*Exercise directions*: From the line containing "Pandora VX 3100" to the end of the data, retype every line exactly and nothing else. Drop the pictures.

*Data block*:
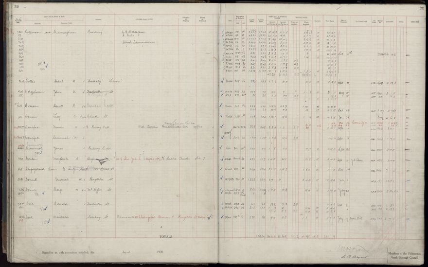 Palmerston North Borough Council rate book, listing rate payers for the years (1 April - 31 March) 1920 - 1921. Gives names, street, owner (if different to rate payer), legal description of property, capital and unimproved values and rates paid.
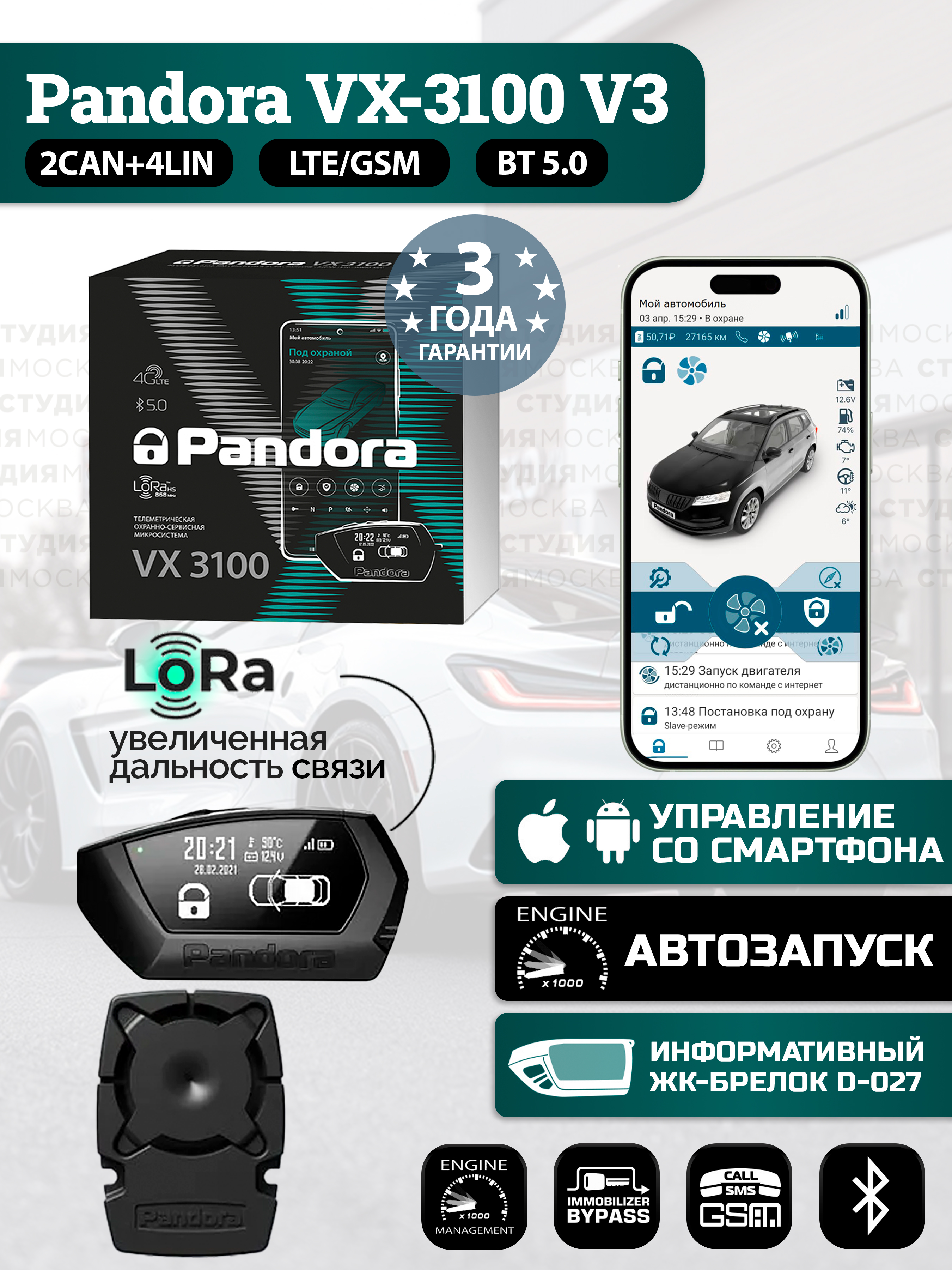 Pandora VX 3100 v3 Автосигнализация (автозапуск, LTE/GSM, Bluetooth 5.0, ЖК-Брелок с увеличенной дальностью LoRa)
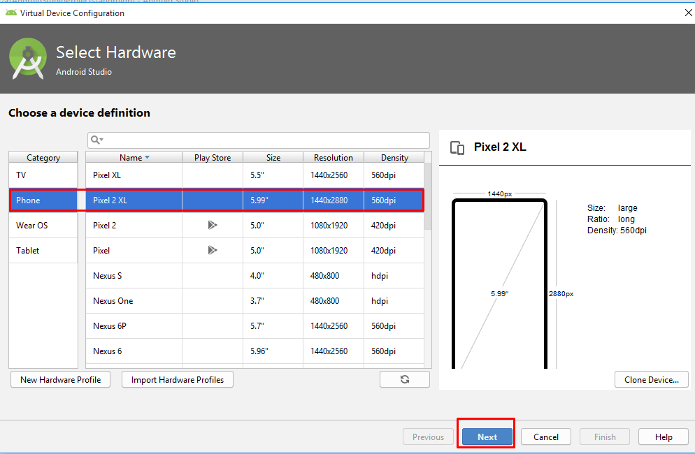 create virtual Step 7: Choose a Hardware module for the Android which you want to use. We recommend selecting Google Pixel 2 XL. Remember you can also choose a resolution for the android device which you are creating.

*Result below*:
 Pandora VX 3100 v3 Автосигнализация (автозапуск, LTE/GSM, Bluetooth 5.0, ЖК-Брелок с увеличенной дальностью LoRa)
 create virtual Step 7: Choose a Hardware module for the Android which you want to use. We recommend selecting Google Pixel 2 XL. Remember you can also choose a resolution for the android device which you are creating.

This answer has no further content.